Challengers say decision on temporary restraining order needed by new May 15 election qualifying deadline.
Image Credit: TN General Assembly & John Partipilo
***Note from The Tennessee Conservative – this article posted here for informational purposes only. Per The Tennessee Lookout’s Republishing Guidelines, this article has been edited for writing style & length.***
By Sam Stockard [Tennessee Lookout -CC BY-NC-ND 4.0] –
A federal court hearing is set for May 20 to determine whether a temporary restraining order should be placed on Tennessee’s new congressional district maps, five days later than the new deadline lawmakers scheduled for candidates to qualify for the ballot.
Democrats challenging the new map filed a request late Monday for a ruling by Friday, contending that a longer wait “risks voter confusion, and potentially compromises the integrity of our state’s elections,” the Tennessee Supreme Court warned about in a separate case in 2022.
The filing also says a ruling for the candidate qualifying deadline will enable candidates who are plaintiffs in the case to “avoid being coerced” into campaigning in newly-drawn districts while they are trying to stop the map from taking effect. The plaintiffs requested a hearing be held this Thursday, a day before the new candidate qualifying deadline.
The state countered Tuesday by saying the new map is the “status quo” and that election preparation started before the plaintiffs filed their lawsuit, with the legislature providing more than $3.1 million for county election commissions to make changes in response to the new map and extended qualify deadline.
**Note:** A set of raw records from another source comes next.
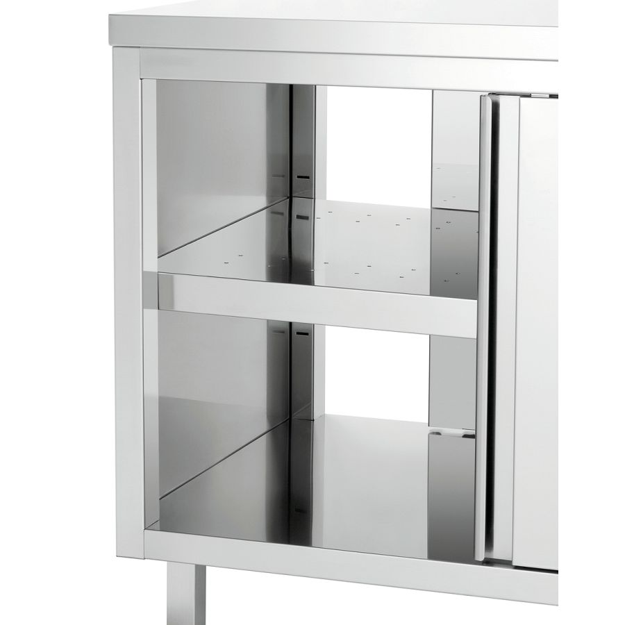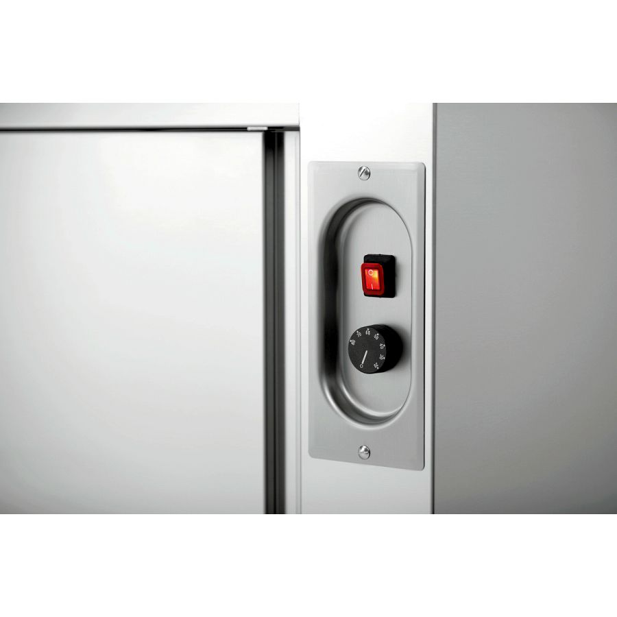 Der Wärmeschrank mit einer Breite von 1,8 Metern bietet einen stufenlos regulierbaren, beheizten Stauraum mit beidseitiger Bedienung. Mit der robusten Oberfläche aus Edelstahl integriert sich gleichzeitig ein solides Arbeitselement in die Küche.
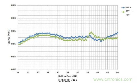 許多因素都會(huì)影響系統(tǒng)精度,包括溫度漂移、電壓漂移和偏移電壓。電池測試儀參考設(shè)計(jì)使用三點(diǎn)校準(zhǔn)來計(jì)算不同的影響來源或任何錯(cuò)誤。圖2顯示了在寬電流范圍內(nèi)實(shí)現(xiàn)的滿量程精度。該系統(tǒng)在電池充電時(shí)以降壓模式運(yùn)行,放電時(shí)以升壓模式運(yùn)行。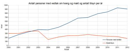 Figur 1: Antall personer med vedtak om bruk av tvang og makt samt antallet tilsyn med bruken av tvang og makt.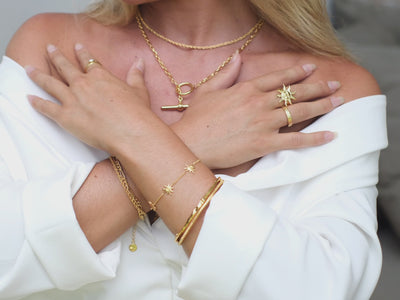 Close-up of a woman's wrist wearing a gold chain bracelet with an adjustable clasp and circular charm.A woman's crossed arms, wearing a gold chain bracelet, a gold ring, and gold bangles, against a light-colored background.

“Plaintiffs’ request for a temporary injunction would interrupt those preparations at the risk of creating the very sort of confusion and errors that election officials could otherwise avoid if their work was not put on pause. Nor would any such pause be justified,” a filing by the attorney general’s office says.
The Tennessee legislature redrew the maps last week, splitting a majority-Black district in Memphis, in a special session to support President Donald Trump in the midterm election. The move is designed to give Republicans a 9-0 sweep of Tennessee’s congressional seats by diluting Memphis’ vote by separating the city into three districts containing rural red counties and Williamson and Maury counties in Middle Tennessee.

U.S. District Court Judge William Campbell, a Trump appointee, scheduled the May 20 hearing and encouraged attorneys for the state attorney general, including three lawyers with Consovoy McCarthy in Arlington, Virginia, to work out agreements on procedural issues. The state is likely to argue that a three-judge panel is required to hear the case, which must be expedited because preparation for the election has been under way since the March 10 qualifying deadline.
Following a chaotic special session ordered by Gov. Bill Lee at Trump’s request, the Tennessee Democratic Party, four Democratic congressional candidates and four voters filed the federal challenge to Republican efforts to alter congressional maps in the midst of a 10-year apportionment cycle. The legislature changed a state law prohibiting such revisions and redrew the maps, splitting Shelby County into three districts, a move Republicans claim is legal following the U.S. Supreme Court decision that altered a key provision in the 1965 Voting Rights Act.
Lawmakers also extended the candidate qualifying date to May 15, a critical date in the election process when absentee ballots are also to be sent overseas to U.S troops.
The NAACP Tennessee State Conference filed a separate lawsuit in Davidson County Chancery Court to stop the map from taking effect.
Plaintiffs in the federal case filed an amended motion to their initial challenge and additional statements contending that the new act violates constitutional rights and jeopardizes the election process.
“These are extraordinary circumstances,” David Garrison, an attorney for the plaintiffs, said during a Monday phone conference with the judge. He said that a temporary restraining order should be issued by this Friday to maintain the “status quo” or risk violating people’s constitutional rights.
Garrison said the state argued in a 2022 legal challenge that changing district maps late in the election process would cause “irreparable harm” and disenfranchise voters. That took place before the qualifying deadline four years ago in a challenge of the state’s district map, which failed to abide by a constitutional requirement that multiple Senate seats in Davidson County be consecutively numbered.
Taylor Meehan, with Consovoy McCarthy, said the defendants need time to respond in writing to the plaintiffs’ arguments, mainly to explain “how the 2022 circumstances can be conflated with the present circumstances.”